Peace Warrior

The man stood up and started chanting the morning call to prayer. “Shut up!” shouted the Israeli commando, aiming a handgun at the Muslim’s head from three meters away. Kevin Neish, sitting nearby, knew if he didn’t divert the soldier’s attention, the Muslim would be shot dead. The Israelis had already shot and killed nine men. Plastic cuffs binding his wrists behind his back, knees swaying, Kevin Neish stood up. The soldier pivoted and swung his body to the left, pointing the gun at Neish.

For two long minutes, Neish stood there facing death, a lone white man among three hundred subdued Muslim passengers. As the Arabic chant cut through the salty sea air, three men tensed—stone-still—caught in a triangular standoff. Neish stood in solidarity, willing to take a bullet to save the life of a man he did not know.

Neish was not supposed to be on the Mavi Marmara that day in May, 2010. The ship he’d been on, part of the five-ship Free Gaza Flotilla, broke down in the middle of the Mediterranean, and the Mavi had picked up all its passengers.
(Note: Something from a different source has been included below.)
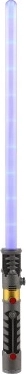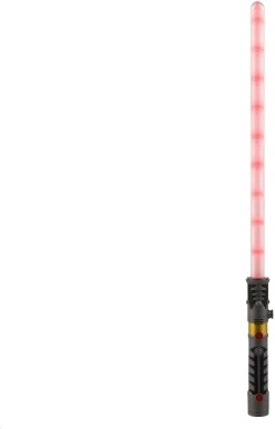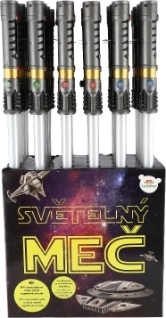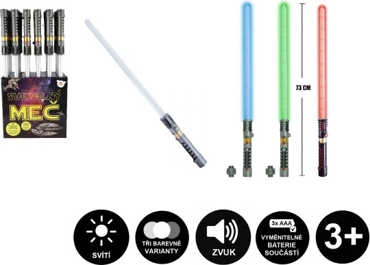 LED čepel září a zvuk se mění podle pohybu. Při zasažení cíle meč vydá efekt a rozsvítí se, takže akce působí živě a napínavě.

The Turkish ship had left Istanbul with over 500 human rights activists, journalists, and several European parliamentarians on board, carrying 10,000 tons of international aid supplies to the blockaded Palestinians in the Gaza strip. With the Mavi 100 miles off the coast of Gaza, Israeli commandos boarded the ship at 4:00 o’clock in the morning. Their mission: prevent the running of the blockade. The five other ships in the flotilla had already been taken over without incident. The Mavi was different. Some of the unarmed Turkish volunteers resisted. They had even managed to capture three Israeli commandos who had rappelled down to the deck from a Navy helicopter.

While all this was going on, Neish was taking pictures with his SLR. Some of his photos, posted on his blog, show the Turks carrying injured Israeli soldiers into the passenger lounge to receive medical attention. Others show dead Turkish men lying on stretchers.

In a film of the incident, Neish holds up a stack of laminated sheets taken from one of the captured Israeli soldiers. Some of the pages show head shots of Free Gaza flotilla passengers, next to personal information. In the Mavi passenger lounge, there are mostly men. But there are also women. Young and old. Some sit, some walk. Some pray. Several wield long pieces of metal handrails in their hands. A few of these wear gas masks. They line up in a stairwell leading to the outer deck, ready to repel Israeli soldiers who might try to break through the door. Everyone wears a bright-orange flotation device.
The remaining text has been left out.